Research: Festive period accounts for a third of US SVoD sign-ups
December 15, 2025
Research from Ampere Analysis shows that nearly one-third of US streaming sign-ups occur between November and January, but long-term customer retention hinges on deal structure and perceived value, not promotions alone.
Black Friday – the major shopping day after Thanksgiving in the US – is a significant driver of the festive spike, with eight of the top 10 US streamers launching deals in 2024, offering savings ranging from $20 to $108. However, only three achieved stronger customer retention among those acquired during the November 24th – December 2nd window than during the rest of the year.
Further key findings include:
- Deal structure is a powerful influence on retention. Higher-value savings had a more positive influence on long-term engagement, and promotions lasting more than six months consistently reduced churn.
- Price sensitivity remains a key challenge. Ampere’s Q3 2025 consumer survey found that 57 per cent of US respondents cite cost as a key reason for churning, reinforcing the need for a festive strategy that blends strong content, well-built promotional mechanics, and demonstrable ongoing value.

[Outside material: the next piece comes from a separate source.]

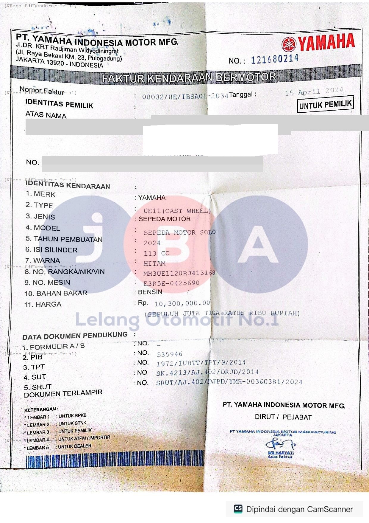 Nomor Rangka

Olivia Deane, Research Manager at Ampere Analysis, commented: “The festive period continues to stand out as a critical moment for US streamers, but while promotional activity plays an important role, analysis shows that winning – and keeping – festive consumers requires a broader, more considered strategy. Platforms that combine well-structured seasonal offers with strong content, and clear ongoing value are best placed to turn festive acquisition into long-term retention.”